Last Saturday I wrote the sentence:
‘Yes,’ she answered, ‘I really think I am.’
…and I sat, and I waited for the fanfare. This was the final sentence in the novel which has taken me just short of two years to write.
Of course there were no fireworks and nobody burst through the front door with a bottle of champagne and box of chocolates in their hands congratulating me and handing me a book deal. That’s the stuff of dreams.
But still. Despite procrastination and hair pulling and weeks of abandonment and not being able to fall asleep without the characters wandering around in my head, shouting to get out, I have finally, finally finished writing my book.
It feels amazing.
At the end of January I entered it into a writing competition to win representation from an agent and I should hear back about that sometime next week (eek!) but aside from that I am sort of wondering what next. Should I go self-published, should I at least try and find an agent willing to take a bet on my book? I’ve never been very good at selling myself so the idea of trying to write a pitch which makes my book sound like the best book ever to be released and really, it’s a must-read, makes me cringe a little bit.

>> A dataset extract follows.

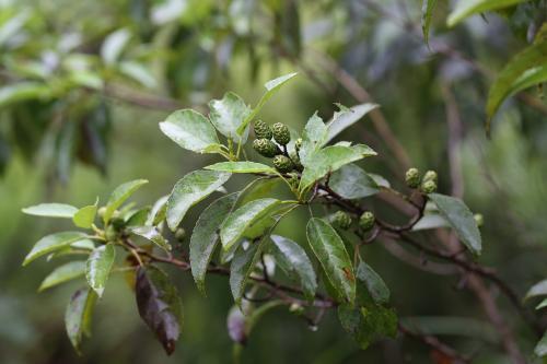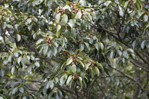 산지에 자라는 상록성 작은큰키나무로 큰 것은 8m에 이른다. 꽃차례에만 털이 있고 가지는 굵으며 회갈색 또는 흑갈색이다. 잎은 어긋나며 넓은 피침형 또는 타원형이고, 잎끝은 점차 뾰족해지고, 밑은 뾰족하다. 잎의 길이는 3~6cm, 폭은 2~3cm이다. 표면은 짙은 녹색, 뒷면은 황갈색, 양면에 털이 없고, 물결 모양의 톱니가 드물게 있으며 가죽질, 광택이 있다. 잎자루는 길이 1∼1.5cm 정도이다. 꽃은 양성으로 5월에 황색 또는 연한 녹색으로 가지 끝에 총상꽃차례로 달린다. 꽃받침통은 털이 없다. 갈래 조각은 달걀 모양, 넓으며 털이 있다. 수술은 5개의 무더기로 갈라진다. 열매는 지름 0.5~0.7cm로 긴 난형이고 가을에 검은색으로 익는다. 이 종은 노린재나무에 비해 잎은 상록성이고 꽃은 전년지 잎겨드랑이에 총상꽃차례로 달리므로 구별된다. 우리나라 제주도에 자생하며, 일본에도 분포한다.
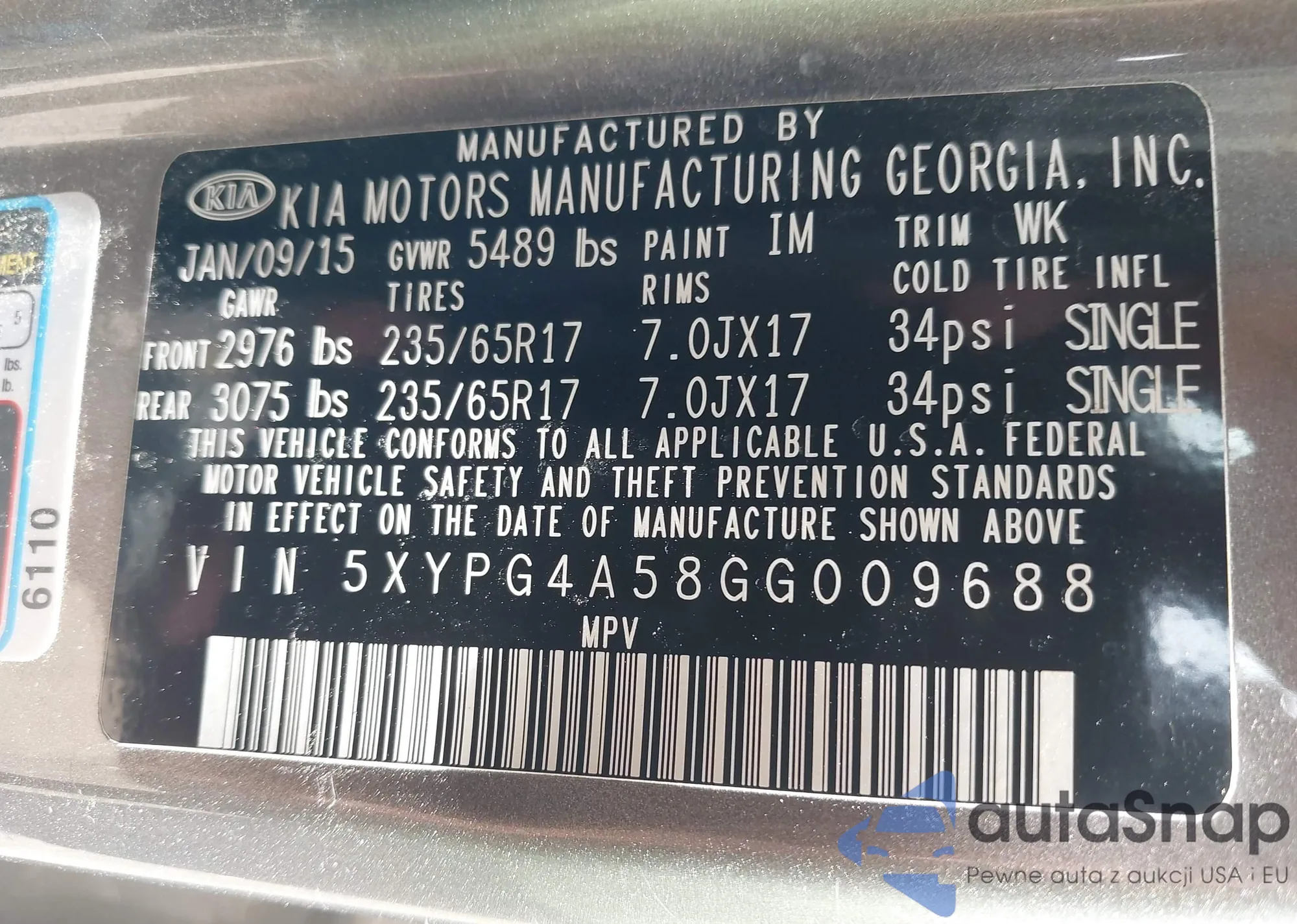 2016 Kia Sorento 3.3L Lx from USA, damaged, VIN 5XYPG4A58GG009688

I’m not sure I could do it without feeling like a fraud.
In the spirit of still not being certain whether any of the words I had put down onto paper actually made sense I decided to take the plunge and pinged out a message on Facebook asking whether there was anyone who might possibly quite like to give it a go.
I clicked ‘send’ and then obsessively checked my phone every 5 seconds for the next 10 minutes as I worried that nobody would bother to respond and then amazingly 15 people said they wanted to read it. I won’t lie, it’s possibly the most terrifying thing I have ever done sending it out. I was immediately back in the world of the obsessive, refreshing my emails to see whether anyone had managed to read it in the half a day I’d given them.
So far, one person has finished it and I’ve had dribs and drabs of feedback. Mostly positive, some constructive but the overwhelming sense is that actually…it might not really be all that bad.
So I guess what I am saying is: HOLY MOLY, I’VE FINISHED A BOOK AND I MIGHT ACTUALLY BE ABOUT TO PUBLISH IT.